Start of Records provided

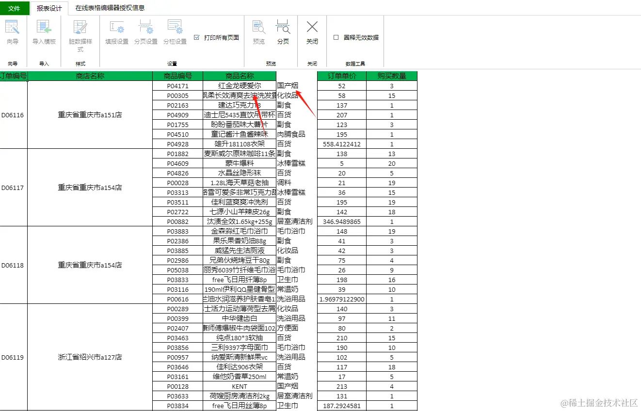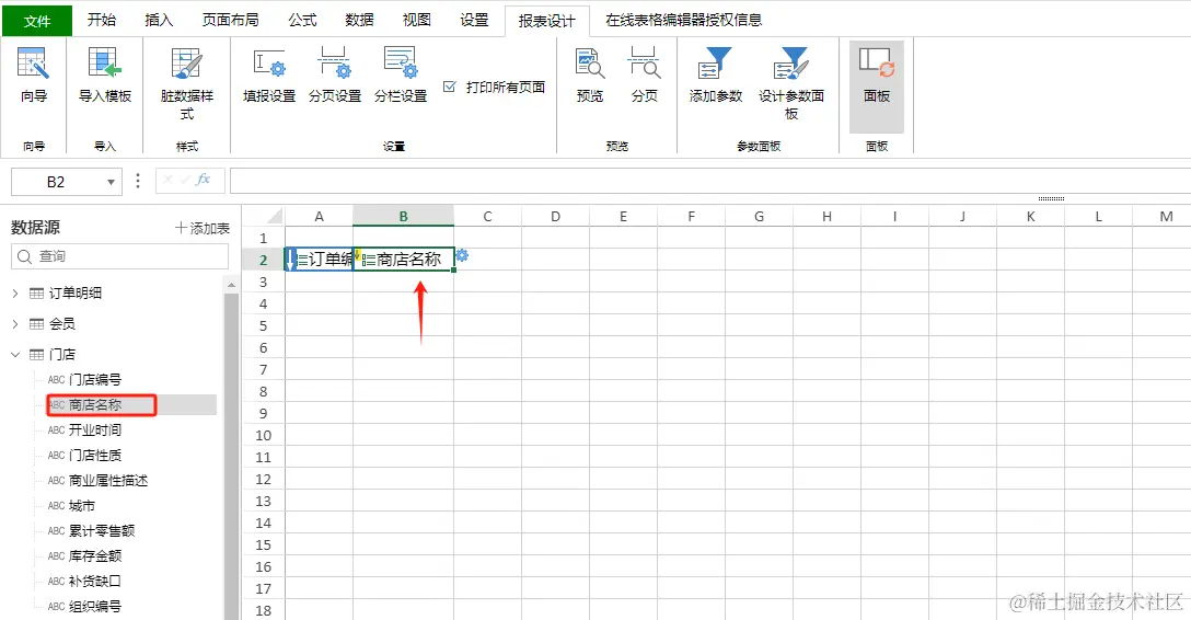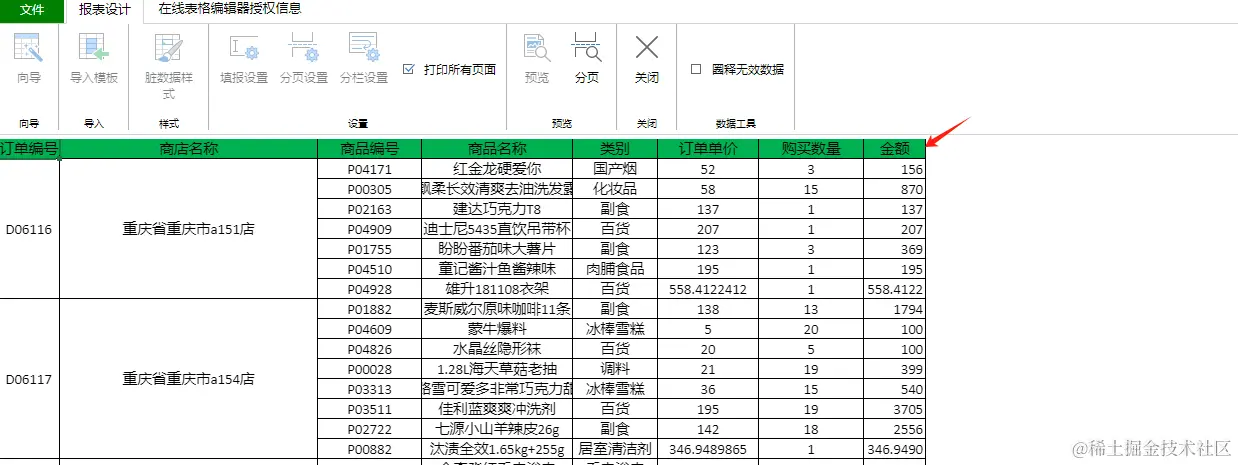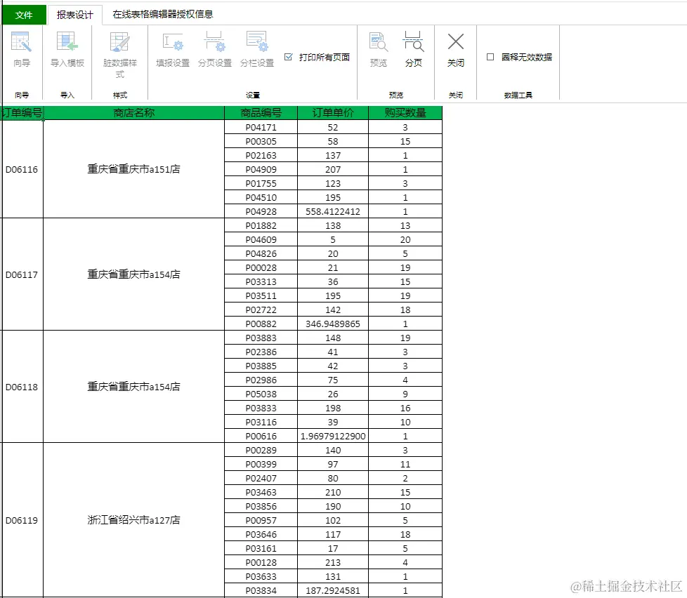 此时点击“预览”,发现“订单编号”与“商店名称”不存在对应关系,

End of Records provided
Start of Records provided

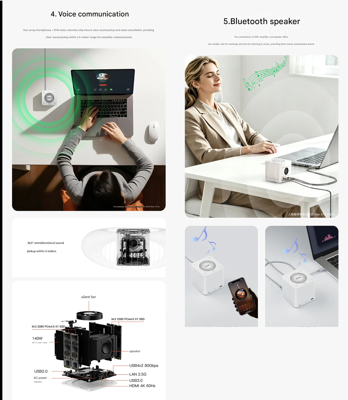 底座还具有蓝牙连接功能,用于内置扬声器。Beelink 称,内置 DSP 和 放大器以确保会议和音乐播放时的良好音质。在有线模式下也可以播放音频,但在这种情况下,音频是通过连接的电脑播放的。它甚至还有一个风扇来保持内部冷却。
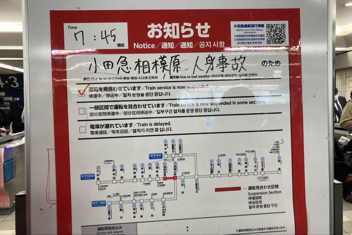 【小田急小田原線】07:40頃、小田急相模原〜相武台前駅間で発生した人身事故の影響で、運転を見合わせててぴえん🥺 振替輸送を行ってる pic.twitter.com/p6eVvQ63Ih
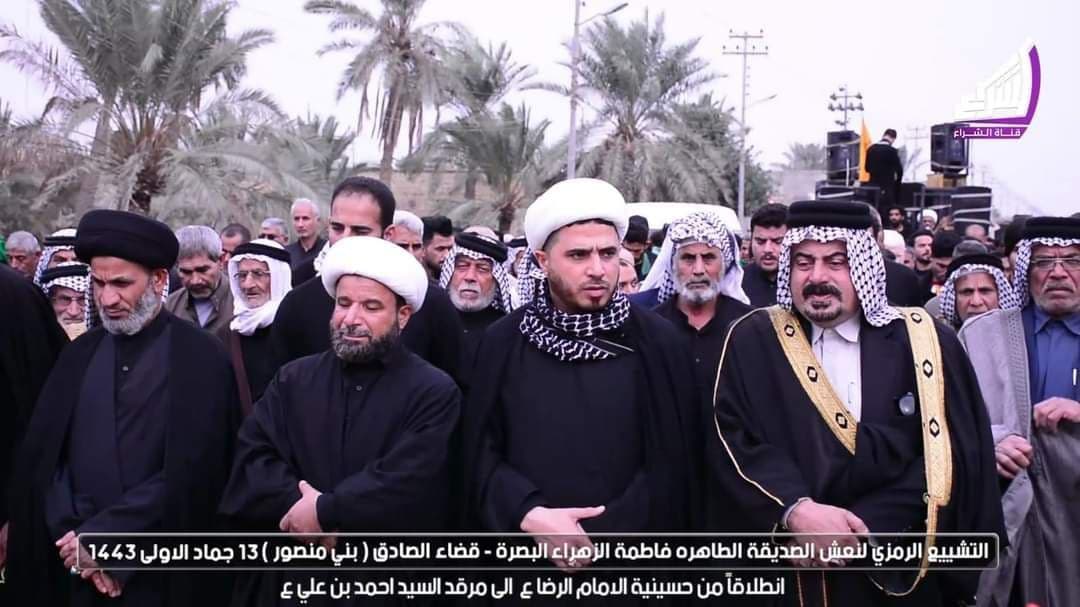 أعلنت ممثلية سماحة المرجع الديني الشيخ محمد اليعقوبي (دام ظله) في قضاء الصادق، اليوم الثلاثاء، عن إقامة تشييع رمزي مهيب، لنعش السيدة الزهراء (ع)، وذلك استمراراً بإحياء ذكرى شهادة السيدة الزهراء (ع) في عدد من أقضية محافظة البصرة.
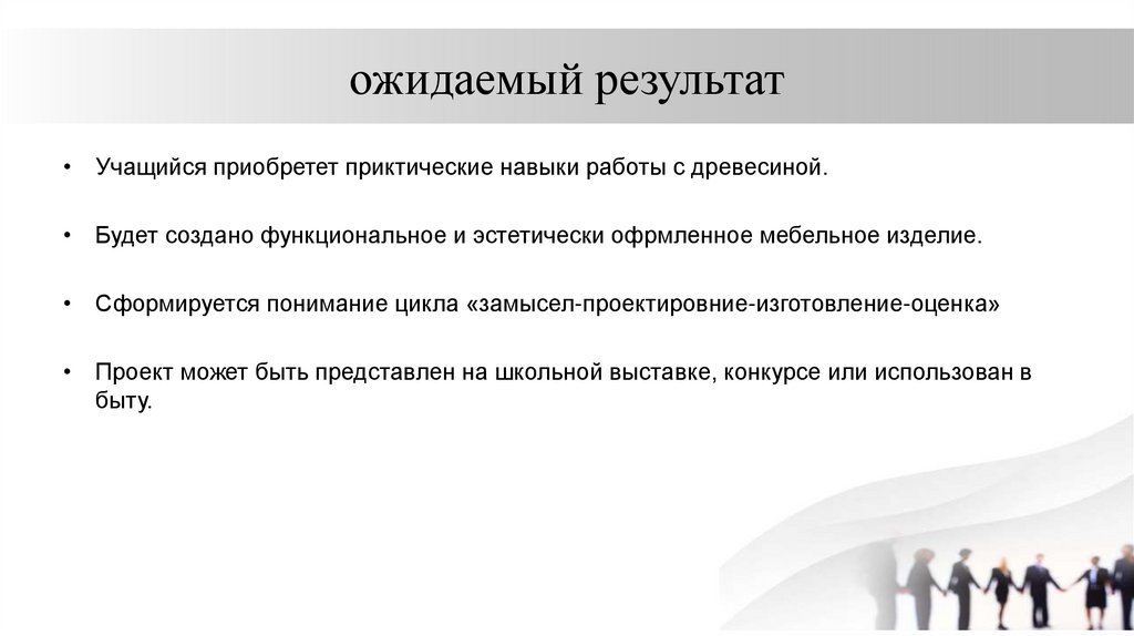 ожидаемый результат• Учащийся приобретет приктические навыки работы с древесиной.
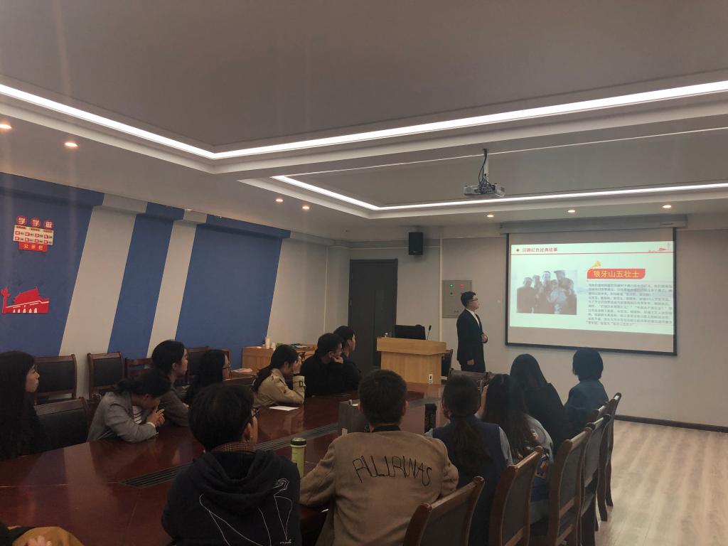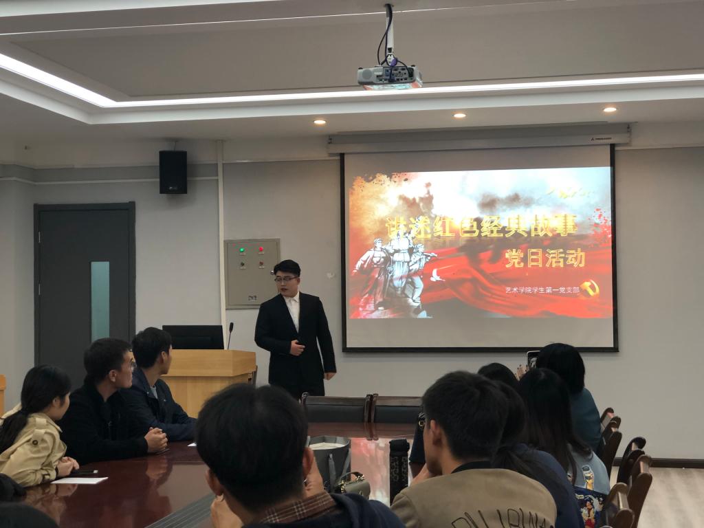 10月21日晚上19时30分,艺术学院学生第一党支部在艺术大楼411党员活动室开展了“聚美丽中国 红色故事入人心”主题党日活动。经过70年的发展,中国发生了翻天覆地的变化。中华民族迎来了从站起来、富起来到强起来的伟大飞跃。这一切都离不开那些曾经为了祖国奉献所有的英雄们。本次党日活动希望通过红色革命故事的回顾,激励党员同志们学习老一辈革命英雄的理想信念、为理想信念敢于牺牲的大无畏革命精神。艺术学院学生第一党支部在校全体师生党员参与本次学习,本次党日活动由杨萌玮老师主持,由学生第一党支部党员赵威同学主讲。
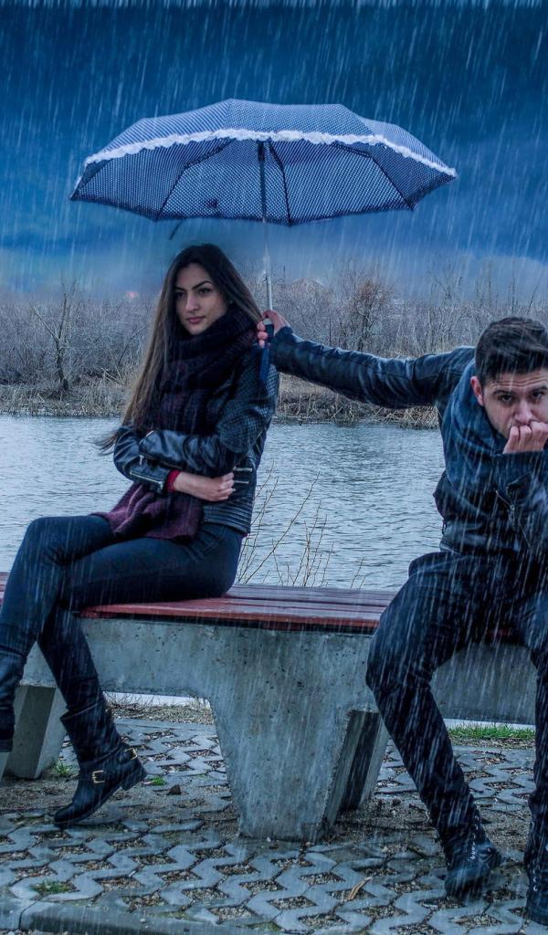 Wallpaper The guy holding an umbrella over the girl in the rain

End of Records provided

◆ **Goal of the exercise**: Copy exactly the lines of the listing above between the one holding "底座还具有蓝牙连接功能,用于内置扬声器。Beelink 称,内置 DSP" and the one holding "Wallpaper The guy", inclusive; omit all pictures.

◆ **Exercise solution**:
 底座还具有蓝牙连接功能,用于内置扬声器。Beelink 称,内置 DSP 和 放大器以确保会议和音乐播放时的良好音质。在有线模式下也可以播放音频,但在这种情况下,音频是通过连接的电脑播放的。它甚至还有一个风扇来保持内部冷却。
 【小田急小田原線】07:40頃、小田急相模原〜相武台前駅間で発生した人身事故の影響で、運転を見合わせててぴえん🥺 振替輸送を行ってる pic.twitter.com/p6eVvQ63Ih
 أعلنت ممثلية سماحة المرجع الديني الشيخ محمد اليعقوبي (دام ظله) في قضاء الصادق، اليوم الثلاثاء، عن إقامة تشييع رمزي مهيب، لنعش السيدة الزهراء (ع)، وذلك استمراراً بإحياء ذكرى شهادة السيدة الزهراء (ع) في عدد من أقضية محافظة البصرة.
 ожидаемый результат• Учащийся приобретет приктические навыки работы с древесиной.
 10月21日晚上19时30分,艺术学院学生第一党支部在艺术大楼411党员活动室开展了“聚美丽中国 红色故事入人心”主题党日活动。经过70年的发展,中国发生了翻天覆地的变化。中华民族迎来了从站起来、富起来到强起来的伟大飞跃。这一切都离不开那些曾经为了祖国奉献所有的英雄们。本次党日活动希望通过红色革命故事的回顾,激励党员同志们学习老一辈革命英雄的理想信念、为理想信念敢于牺牲的大无畏革命精神。艺术学院学生第一党支部在校全体师生党员参与本次学习,本次党日活动由杨萌玮老师主持,由学生第一党支部党员赵威同学主讲。
 Wallpaper The guy holding an umbrella over the girl in the rain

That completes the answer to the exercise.